From the Broad Center for Mendelian Genomics, Program in Medical and Population Genetics, Broad Institute of Massachusetts Institute of Technology and Harvard, Cambridge (V.S.G., M.C.O., J.K.G., K.V.G., E.E., B.W., F.A., D.G.M., A.O.-L.), and the Department of Neurology, Brigham and Women's Hospital (V.S.G.), the Division of Genetics and Genomics, Boston Children's Hospital (V.S.G., A.O.-L.), and Harvard Medical School (V.S.G., A.O.-L.), Boston - all in Massachusetts; L'institut du Thorax (K.R., B.I., S.B., B.C.), Service de Radiopediatrie (A.P.), and Service de Génétique Médicale (B.I., S.B., B.C.), Nantes Université, Centre Hospitalier Universitaire (CHU) de Nantes, Centre National de la Recherche Scientifique (CNRS), INSERM, Nantes, and Institut Neuromyogène, Laboratoire Physiopathologie et Génétique du Neurone et du Muscle, CNRS, INSERM (N.C., D.S.), and Service de Génétique, Hospices Civils de Lyon (N.C., P.M., D.S.), Lyon - all in France; the Departments of Neurology (E.Y., K.-M.L., M.C.A., G.L.C.) and Pharmacology (G.L.C.), Northwestern University Feinberg School of Medicine, Chicago; the Undiagnosed Diseases Network and the Department of Molecular and Human Genetics, Baylor College of Medicine, Houston (C.A.B., D.R.M., H.D., J.A.R., L.T.E., S. Ketkar), and the Department of Pediatrics, University of Texas Southwestern Medical Center (S. Kayani), and Coalition to Cure CHD2 (B.B.), Dallas; the Departments of Immunology and Regenerative Biology and Molecular Neuroscience, Weizmann Institute of Science, Rehovot, Israel (Y.S., I.U.); and the Centre for Population Genomics, Garvan Institute of Medical Research and University of New South Wales Sydney, Sydney (D.G.M.), and the Centre for Population Genomics, Murdoch Children's Research Institute, Melbourne, VIC (D.G.M.) - both in Australia.

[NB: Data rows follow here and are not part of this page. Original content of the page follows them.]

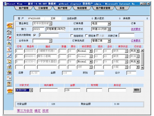 如果客戶訂單采用匯款支付方式,當(dāng)財(cái)務(wù)部門(mén)收到到款通知,并輸入CRM系統(tǒng),系統(tǒng)會(huì)向發(fā)貨部門(mén)下達(dá)發(fā)貨工單。如果客戶訂單采用一卡通支付方式,系統(tǒng)確認(rèn)支付無(wú)誤就立即向發(fā)貨部門(mén)下達(dá)發(fā)貨工單,整個(gè)過(guò)程全部自動(dòng)化。
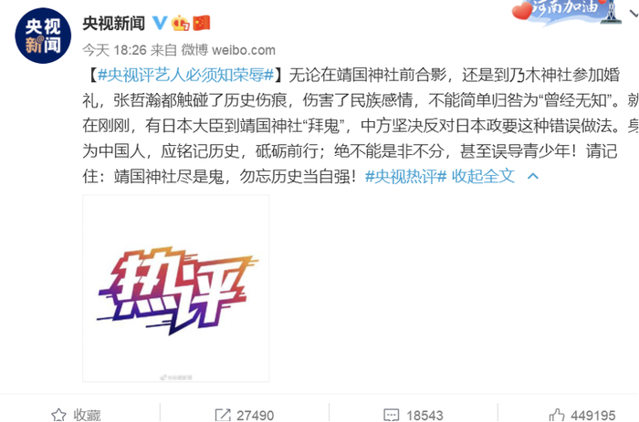 @央视新闻:无论在靖国神社前合影,还是到乃木神社参加婚礼,张哲瀚都触碰了历史伤痕,伤害了民族感情,不能简单归咎为“曾经无知”。就在刚刚,有日本大臣到靖国神社“拜鬼”,中方坚决反对日本政要这种错误做法。身为中国人,应铭记历史,砥砺前行;绝不能是非不分,甚至误导青少年!请记住:靖国神社尽是鬼,勿忘历史当自强!
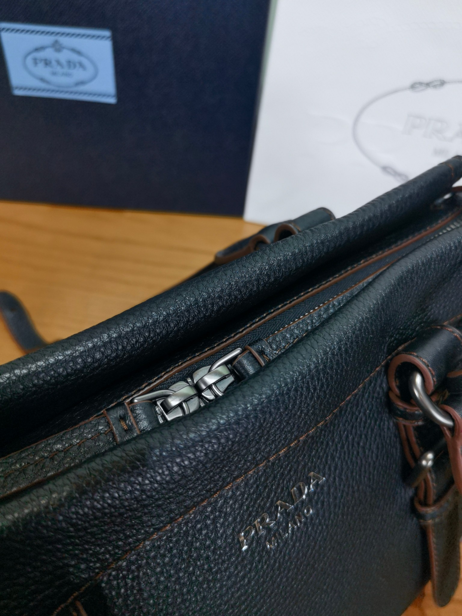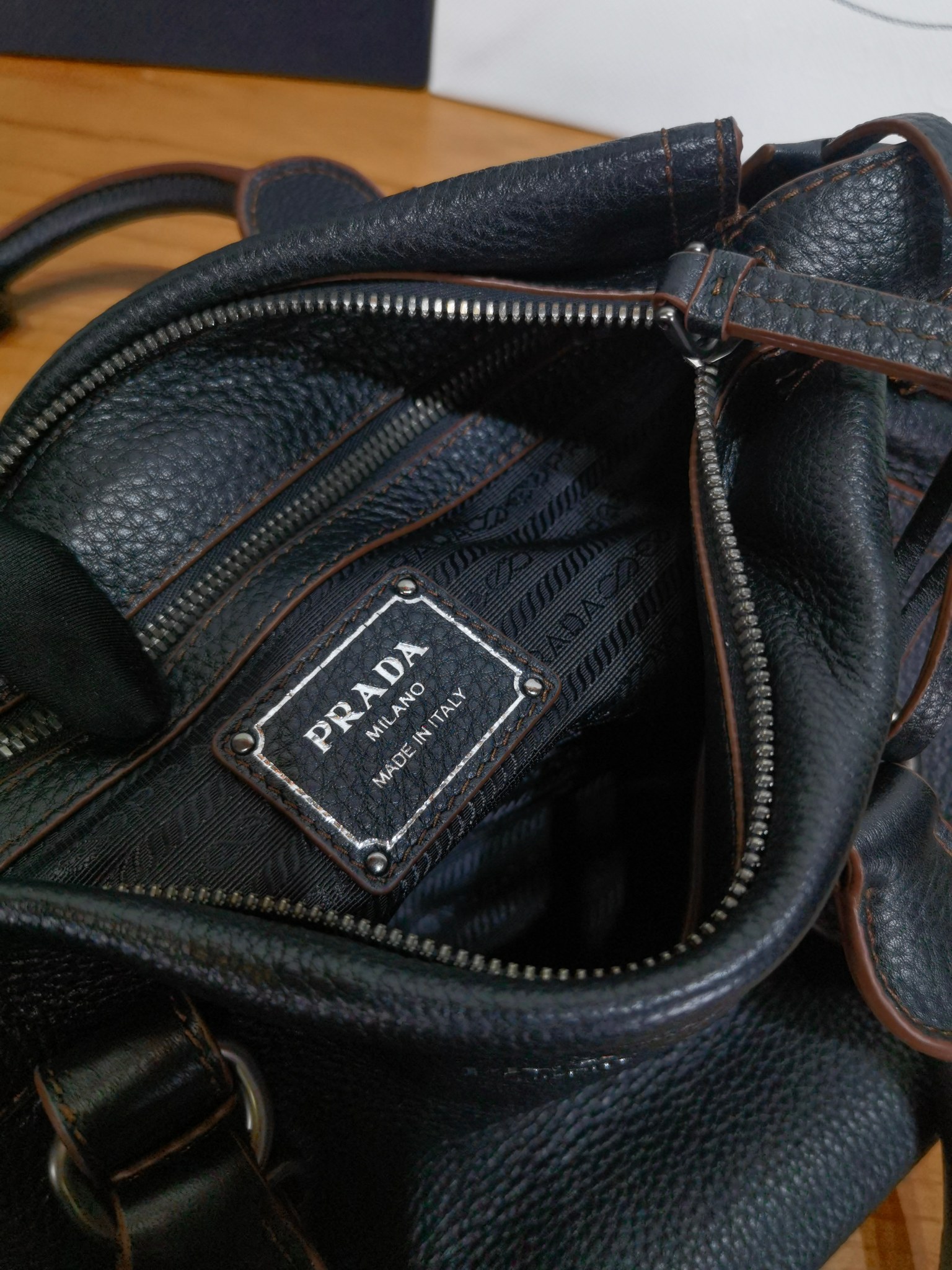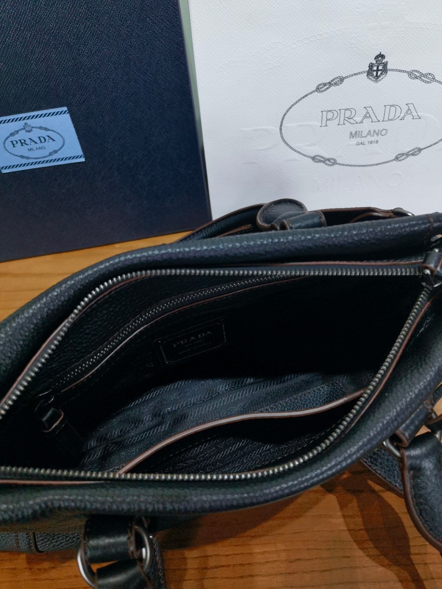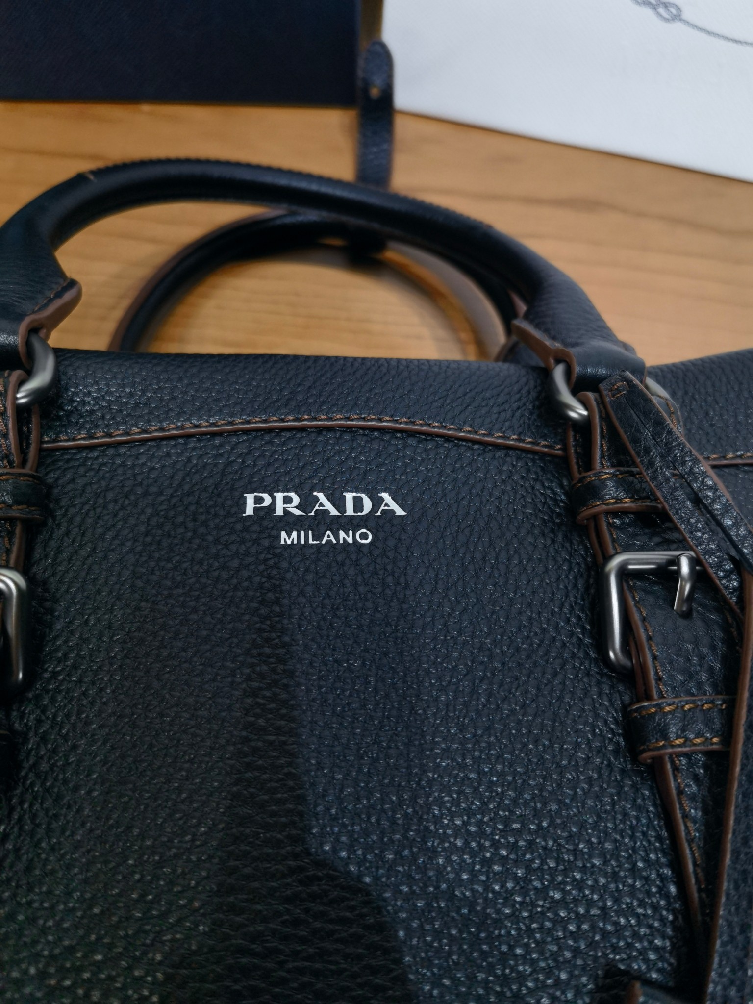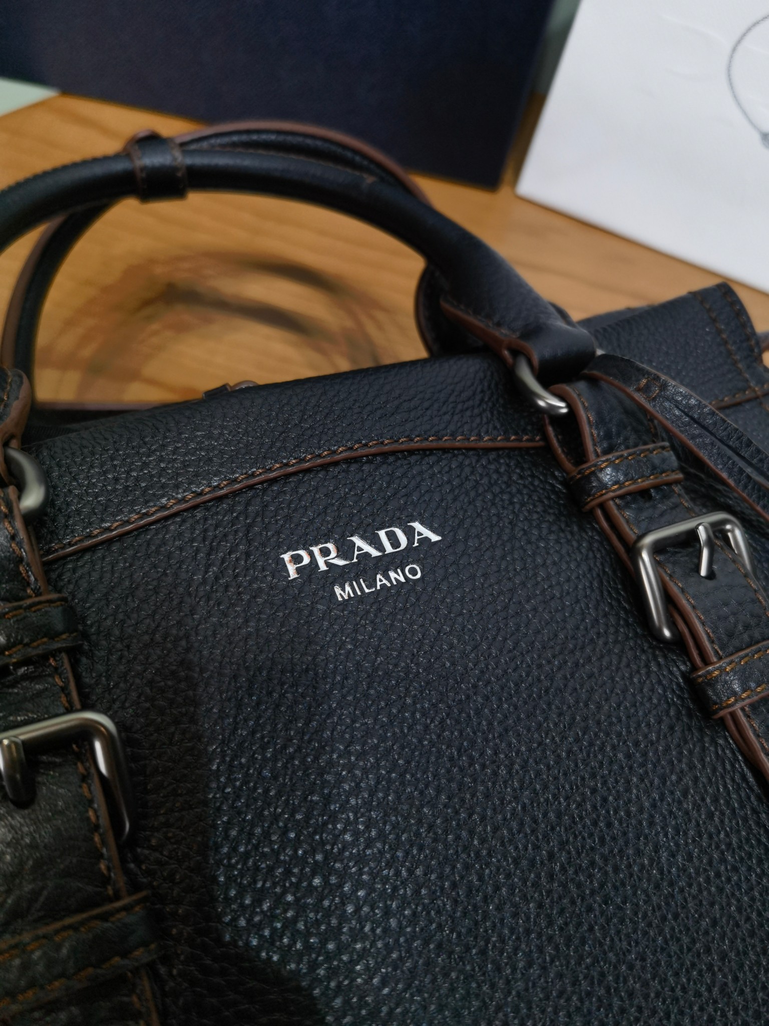 以設計重返Prada DNA的根源,喚起旅行主題。 這款緊湊多功能的皮革廓形,質地豐富柔軟細膩,配有可拆卸肩帶,可多種方式佩戴。 加固的角落,靈感源自旅行包,展現了與傳統工藝和檔案的持續對話
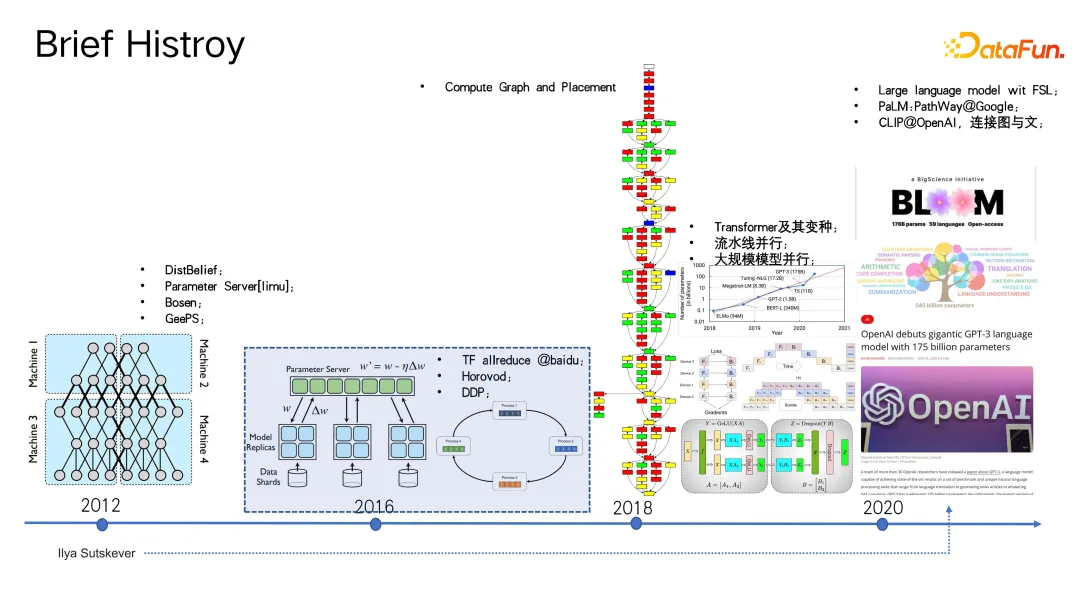 随着深度学习框架如 TensorFlow 的流行以及分布式训练框架的发展,解决大模型问题的方法也在不断演变。初期可能主要聚焦于稀疏场景下的分布式训练优化,之后百度美颜项目将高性能计算(HPC)中的 All-Reduce 技术引入分布式机器学习,用于加速数据并行处理。再后来,诸如 Word2Vec、DDP 等经典操作的出现推动了这一领域的进步。

N Engl J Med. 2024 Oct 24;391(16):1511-1518. doi: 10.1056/NEJMoa2400718.
encodes a human long noncoding RNA (lncRNA) adjacent to , a coding gene in which de novo loss-of-function variants cause developmental and epileptic encephalopathy. Here, we report our findings in three unrelated children with a syndromic, early-onset neurodevelopmental disorder, each of whom had a de novo deletion in the locus. The children had severe encephalopathy, shared facial dysmorphisms, cortical atrophy, and cerebral hypomyelination - a phenotype that is distinct from the phenotypes of patients with haploinsufficiency. We found that the deletion results in increased CHD2 protein abundance in patient-derived cell lines and increased expression of the transcript in . These findings indicate that has bidirectional dosage sensitivity in human disease, and we recommend that other lncRNA-encoding genes be evaluated, particularly those upstream of genes associated with mendelian disorders. (Funded by the National Human Genome Research Institute and others.).
编码一个人类长链非编码 RNA(lncRNA),该 RNA 与编码基因相邻,该基因中的从头失活功能变异导致发育性和癫痫性脑病。在这里,我们报告了在三个无关联的患有综合征性、早发性神经发育障碍的儿童中发现的结果,他们每个人都在 基因座上发生了新生缺失。这些儿童患有严重的脑病,具有共享的面部畸形、皮质萎缩和脑少突胶质发育不良-这种表型与 CHD8 基因功能不全患者的表型不同。我们发现, 缺失导致患者来源的细胞系中 CHD2 蛋白丰度增加, 转录本在 中表达增加。这些发现表明 在人类疾病中具有双向剂量敏感性,我们建议评估其他编码 lncRNA 的基因,特别是那些与孟德尔疾病相关基因上游的基因。(由国家人类基因组研究所等资助)。